What Is Dual Purpose Doctrine?
In terms of compensability, there is the “dual-purpose doctrine.” Those cases refer to situations when an employee may be performing an act that has a mutual benefit to the employee and the employer. Those cases are usually found compensable. An example where an employer that had a large campus held a contest to determine who could walk the most miles or log the most steps. Basically, the employer wanted the employees to go outside at lunchtime, get exercise, and get fresh air. Clearly, that’s a benefit to the employee because it’s good for morale and the individual’s health. It gets him or her away from the desk for a little bit. When out logging steps for this competition a worker was attacked by a bird. She tripped, fell, and sustained her injury when she was running away from the bird. The incident was found compensable because it was an employer-sponsored health program or competition, and it had a benefit to both the employee and the employer.

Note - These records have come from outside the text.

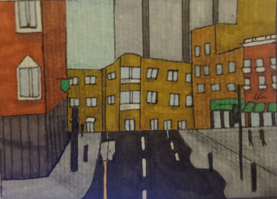 Ich habe mich an ihrem Wunsch einer Straßen Ansicht von London versucht. Ich war bisher nur ein Mal dort… Und habe gemerkt das Hohe Häuser auf kleine Einkaufsgassen stoßen. Daran hab ich mich soweit versucht :) Schatten sind mit dem Scan später noch stärker zu erkennen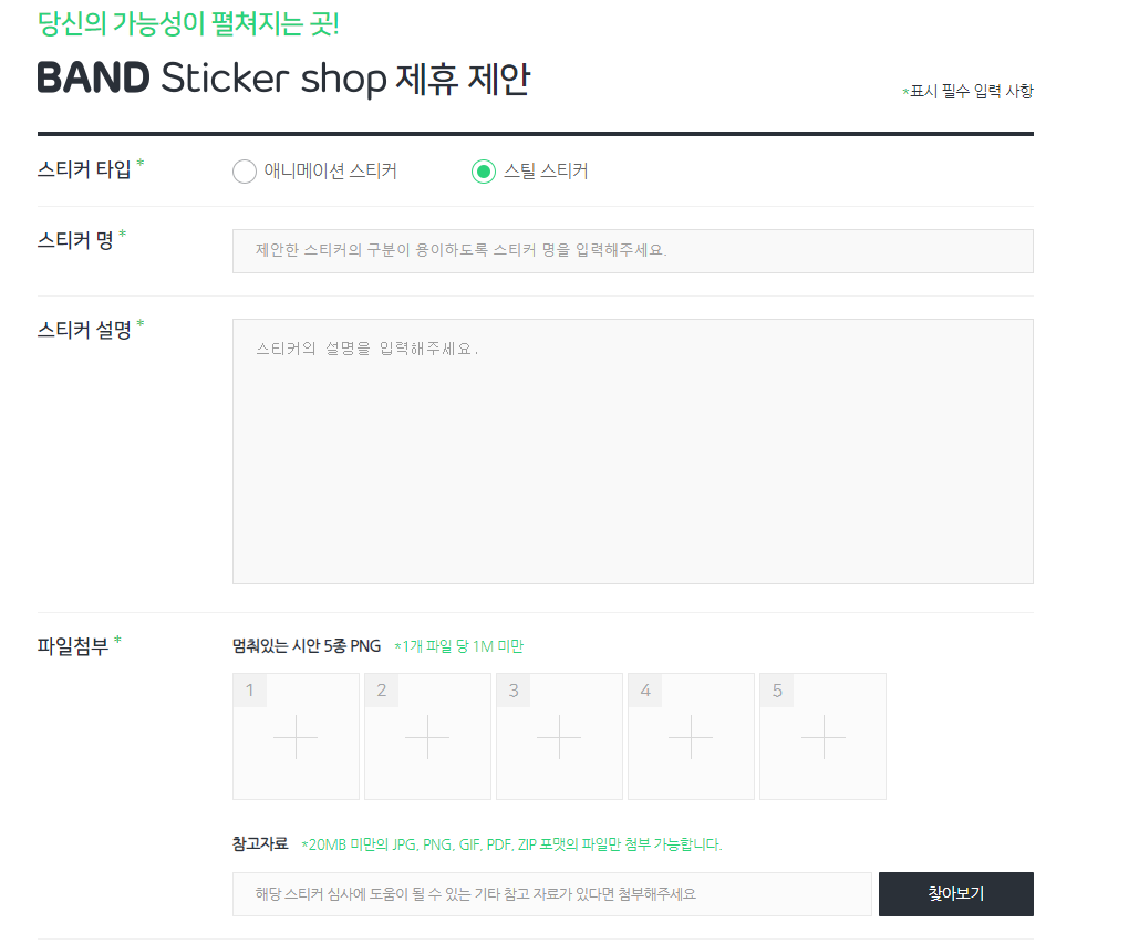 네이버 밴드 이모티콘 제안의 경우 카카오톡 이모티콘보다는 상대적으로 승인(채택)이 될 확률이 높은 편이지만, 내가 그린 그림들을 유료로 판매하는 시장인 만큼 완성도 있고 개성이있는 나만의 그림체와 훈련을 어느 정도 거친 그림실력이 요구된다.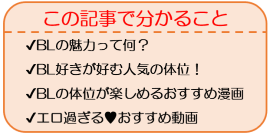 今やひとつの人気ジャンルとして確立した「BL(ボーイズラブ)」。BL好きの女性には、男性同士のさまざまな絡みや体位を見るのが楽しみという人も多いことでしょう。今回は、BLで魅力的な体位を紹介。さらにBL好きにおすすめの、体位を堪能できる漫画や動画も紹介します。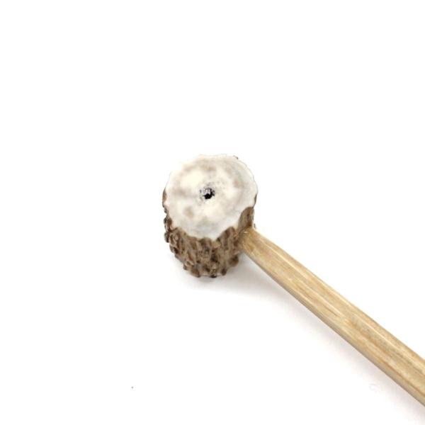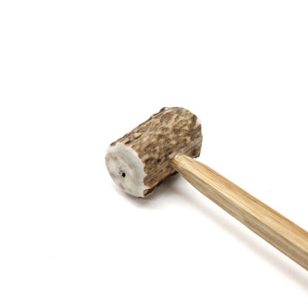 こちらの鹿ばちは柄の部分はしなるように竹を使用していて、角形となっております。

The dual-purpose doctrine is similar to the personal comfort doctrine. If a worker is engaged in an act of personal comfort, and they’re injured while doing so, the injury is compensable. There’s no break in the employment just because the worker is taking care of his or her personal comforts or necessities such as getting something to drink or eat during the day, or on the way to the restroom. The health of the employee is in the interest of the employer. Since the employee’s efforts benefit the employer, an employee who is ministering to personal needs doesn’t take the injury outside of the “course and scope” of employment. A person walking to lunch in the break room that trips and breaks a leg has a compensable injury, even though they’re going to get lunch and not necessarily engaged in a particular job duty. The broken leg is a compensable injury under the personal comfort doctrine.